Let X be a bounded random variable defined on \((\Omega , \mathcal {F}, \mathbb {P})\), such that \(a \le X \le b\) almost surely, with \(a<b\) two real numbers. Let \(X_1, \ldots , X_m\) be i.i.d. copies of X and \(\overline{V}_m = \dfrac{1}{m} \sum _{i=1}^m (X_i - \overline{X}_m)^2\) where \(\overline{X}_m = \frac{1}{m}\sum _{i=1}^m X_i\).
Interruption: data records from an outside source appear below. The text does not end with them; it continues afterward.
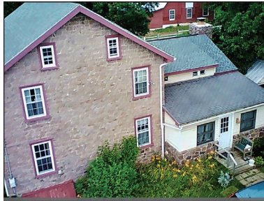
SHOWS REAR ADDITION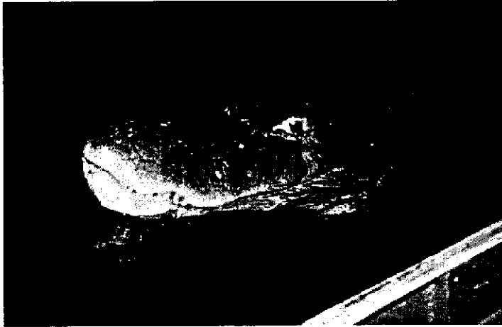
Male Melanosuchus niger 3.85 m.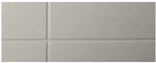
Cotton White | 1130

Then, for any \(x>0\)

$$\begin{aligned} \mathbb {P} \left( \overline{V}_m \le \mathbb {V}[X] + \sqrt{2\mathbb {V}[X] \dfrac{(b-a)^2x}{m}} + \dfrac{x(b-a)^2}{3m} \right) \ge 1 - \exp (-x). \end{aligned}$$
(39)

Proof

Let us define \(U= (X - \mathbb {E}(X))^2\) which satisfies \(U \le (b-a)^2\) almost surely. Applying Lemma A.1 with U defined previously with \(\ell =m\) gives for any \(x>0\)

$$\begin{aligned} \mathbb {P} \left( m \left( \overline{U}_m - \mathbb {E}[U] \right) \le \sqrt{2m \mathbb {E}[U^2]x} + \dfrac{x(b-a)^2}{3}\right) \ge 1 - \exp (-x). \end{aligned}$$

Moreover, as \(\overline{U}_m = \overline{V}_m + (\overline{X}_m - \mathbb {E}[X])^2\) and using the boundedness of U we get

$$\begin{aligned} \mathbb {P} \left( \overline{V}_m \le \mathbb {E}[U] + \sqrt{2\mathbb {E}[U] \dfrac{(b-a)^2x}{m}} + \dfrac{x(b-a)^2}{3m} \right) \ge 1 - \exp (-x), \end{aligned}$$

which ends the proof since \(\mathbb {E}[U] = \mathbb {V}[X]\). \(\square \)

We recall a second result in the line of Mnih (2008)[Lemma 3].

Lemma A.3

Let qk be positive real numbers. If \(t >0\) is a solution of

$$\begin{aligned} \frac{\log qt}{t} = k, \end{aligned}$$
(40)

then

$$\begin{aligned} t \le \dfrac{2}{k} \log \dfrac{2q}{k}. \end{aligned}$$
(41)

Moreover, if \(t'\) is such that

$$\begin{aligned} t^{'} \ge \dfrac{2}{k} \log \dfrac{2q}{k}, \end{aligned}$$
(42)

then

$$\begin{aligned} \dfrac{\log qt^{'}}{t^{'}} \le k. \end{aligned}$$
(43)

Proof

Let \(t>0\) be a solution of (40). Since the function \(\log \) is concave, it holds for all \(s>0\)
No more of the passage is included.